The answer should consist of the full listing below, repeated exactly and free of pictures.

┌─ DATA BLOCK

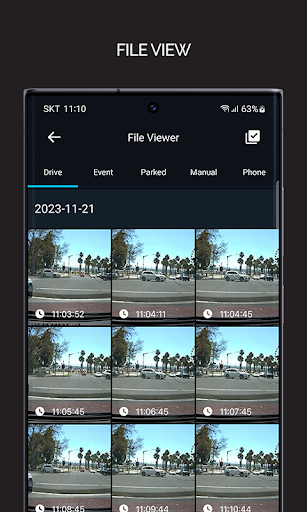 Connect your device via WiFi for smartphone connectivity and video recording. Easily view captured videos and images in real-time on your phone, manage files on your device and change device settings.
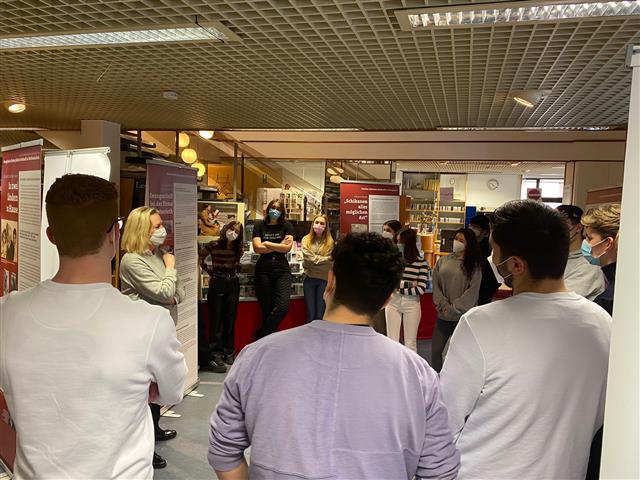 Am 24.02.22 besuchte der Geschichtskurs der Q2 von Frau Nowka die Ausstellung „Christen jüdischer Herkunft in Königstein“ in der Stadtbibliothek. Frau Dr. König berichtete eindrucksvoll von ausgewählten Schicksalen Königsteiner Bürger im Dritten Reich. So erfuhren wir beispielsweise von der Geschichte, Peter Kohnstamms, dem jüngsten Sohn von Dr. Kohnstamm, dem Gründer des bekannten Sanatoriums Dr. Kohnstamm. Peter Kohnstamm, ein Medizinstudent, der getauft und Sohn einer evangelischen Mutter war, wurde nach der Machtübernahme der Nationalsozialisten zunehmend ausgegrenzt. So belegen Quellen, dass er seitens Studienkollegen immer offensichtlicher gemieden wurde, ihm nach Abschluss seines Medizinstudiums eine Stelle in einem großen Hospital verwehrt wurde und er letztlich Deutschland verlassen musste, weil er als Jude galt. Auch das Schicksal von Helene Mayer, einer jungen Leistungssportlerin, die 1936 für das nationalsozialistische Deutschland als deutsche jüdische Athletin antrat, bewegte den Kurs sehr. Frau Dr. König berichtet zudem vom Schicksal der erfolgreichen Königsteiner Immobilienmaklerin Louise Gemmer, die im Glauben, dass nur Männern von den Verfolgungsmaßnahmen der Nationalsozialisten akut bedroht seien, in ihrer Heimatstadt blieb, bis sie und ihre Tochter am 1. September 1942 nach Theresienstadt deportiert und ermordet wurden.
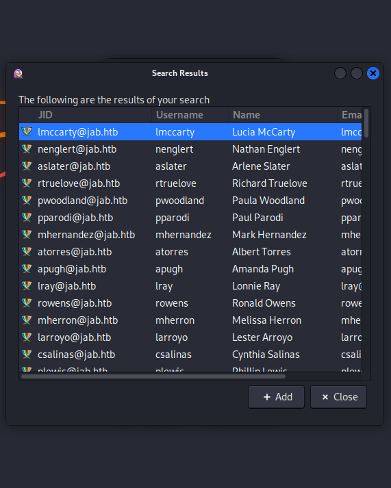 | 3269/tcp | ssl/ldap | Microsoft Windows Active Directory LDAP (Domain: jab.htb0., Site: Default-First-Site-Name) |

└─

◆ COMPLETED TASK
 Connect your device via WiFi for smartphone connectivity and video recording. Easily view captured videos and images in real-time on your phone, manage files on your device and change device settings.
 Am 24.02.22 besuchte der Geschichtskurs der Q2 von Frau Nowka die Ausstellung „Christen jüdischer Herkunft in Königstein“ in der Stadtbibliothek. Frau Dr. König berichtete eindrucksvoll von ausgewählten Schicksalen Königsteiner Bürger im Dritten Reich. So erfuhren wir beispielsweise von der Geschichte, Peter Kohnstamms, dem jüngsten Sohn von Dr. Kohnstamm, dem Gründer des bekannten Sanatoriums Dr. Kohnstamm. Peter Kohnstamm, ein Medizinstudent, der getauft und Sohn einer evangelischen Mutter war, wurde nach der Machtübernahme der Nationalsozialisten zunehmend ausgegrenzt. So belegen Quellen, dass er seitens Studienkollegen immer offensichtlicher gemieden wurde, ihm nach Abschluss seines Medizinstudiums eine Stelle in einem großen Hospital verwehrt wurde und er letztlich Deutschland verlassen musste, weil er als Jude galt. Auch das Schicksal von Helene Mayer, einer jungen Leistungssportlerin, die 1936 für das nationalsozialistische Deutschland als deutsche jüdische Athletin antrat, bewegte den Kurs sehr. Frau Dr. König berichtet zudem vom Schicksal der erfolgreichen Königsteiner Immobilienmaklerin Louise Gemmer, die im Glauben, dass nur Männern von den Verfolgungsmaßnahmen der Nationalsozialisten akut bedroht seien, in ihrer Heimatstadt blieb, bis sie und ihre Tochter am 1. September 1942 nach Theresienstadt deportiert und ermordet wurden.
 | 3269/tcp | ssl/ldap | Microsoft Windows Active Directory LDAP (Domain: jab.htb0., Site: Default-First-Site-Name) |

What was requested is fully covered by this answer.